Unfortunately my attempt doesn't seem to work and I'm not sure why. Apparently I don't understand the solution for the linked question too well. Example code below:
type A = number;
type B = string;
type EnsureOne<Tuple, T, Seen = false> =
Tuple extends [infer Head, ...infer Tail] ?
Head extends T ?
Seen extends true ?
{ ERROR: [`Only one value of type`, T, `is allowed`] } :
EnsureOne<Tail, T, true> :
EnsureOne<Tail, T, Seen> :
unknown;
type ExpectUnknown = EnsureOne<[A, B, A], B>;
// ^? unknown
type ExpectError = EnsureOne<[A, B, A, B], B>;
// ^? { ERROR: ["Only one value of type", string, "is allowed"] }
type Union = A | B;
declare function f<const T extends readonly Union[]>(t: T & EnsureOne<T, B>): void;
const expectError = f([0, '', '']); // no error :(
When I use EnsureOne on its own it works as expected but in the intersection the constraint has no effect.
Your code should either use readonly or not, but be consistent
Your f() function is generic in a const type parameter T which is constrained to the readonly array type readonly Union[]. That means when you call it like f([0, "a", "b"]) the compiler will infer the type argument for T as the readonly tuple type readonly [0, "a", "b"].
But your EnsureOne type does not expect its first type argument to be a readonly tuple. You are comparing it to the generic variadic tuple type [infer Head, ...infer Tail]. Those don't match. So it becomes unknown and nothing gets rejected.
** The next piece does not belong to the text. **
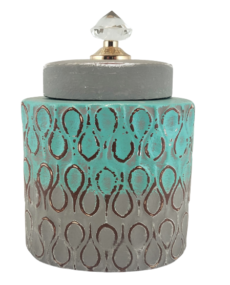 Pojemnik wykonany jest z ceramiki. Piękne denko zdobi miętowo-szare ombre tłoczonych zdobień. Atrakcyjny uchwyt w formie kryształu dodaje zadziornego charakteru całości.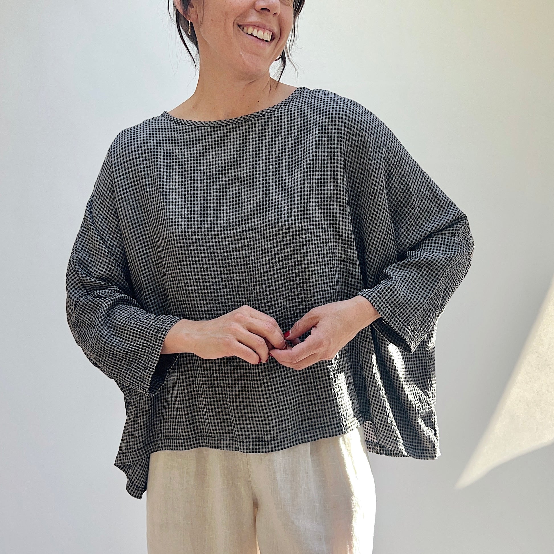 One Size Crop Top in Black Mini Crinkle Check

You could either fix EnsureOne by allowing readonly:
type EnsureOne<Tuple, T, Seen = false> =
Tuple extends readonly [infer Head, ...infer Tail] ?
// ^^^^^^^^
Head extends B ?
Seen extends true ?
{ ERROR: [`Only one value of type`, T, `is allowed`] } :
EnsureOne<Tail, T, true> :
EnsureOne<Tail, T, Seen> :
unknown;
or you could fix f() and make the constraint not allow readonly:
declare function f<const T extends Union[]>(t: T & EnsureOne<T, B>): void;
or you could do both. Either way you'd get the behavior you want:
declare function f<const T extends readonly Union[]>(t: T & EnsureOne<T, B>): void;
f([0, "a", "b"]) // error!
// Property 'ERROR' is missing in type '[0, "a", "b"]' but required
// in type '{ ERROR: ["Only one value of type", string, "is allowed"]; }'.
f([0, 1, 2]); // okay
f([0, 1, 2, "a"]); // okay
f(["a", "b"]); // error!
Another approach
Or, you could rewrite your code to avoid recursive conditional types entirely. One way to do that is to use a mapped array type that compares the Ith element of T to the all the other elements, and if it ever finds that, for example, both the Ith and Jth element are assignable to B (or whatever type you want to check for) when J and I are different, then that element is in error. Error elements can be mapped to the never type or something wacky like { ERROR: ⋯ } (presumably to behave as an "invalid" type as described in microsoft/TypeScript#23689). Otherwise it's left alone.
Perhaps like this:
declare function g<T extends Union[]>(t: [...{ [I in keyof T]:
T[I] extends B ? (
unknown extends {
[J in keyof T]: I extends J ? never : T[J] extends B ? unknown : never
}[number] ? never : T[I]
) : T[I] }]): void;
g([0, "a", "b"]); // error!
g([0, 1, 2]); // okay
g([0, 1, 2, "a"]); // okay
g(["a", "b"]); // error!
This also behaves as desired. I won't go into further detail about how this works, mostly because it seems the question really was about fixing the original approach, and not about implementing a different one.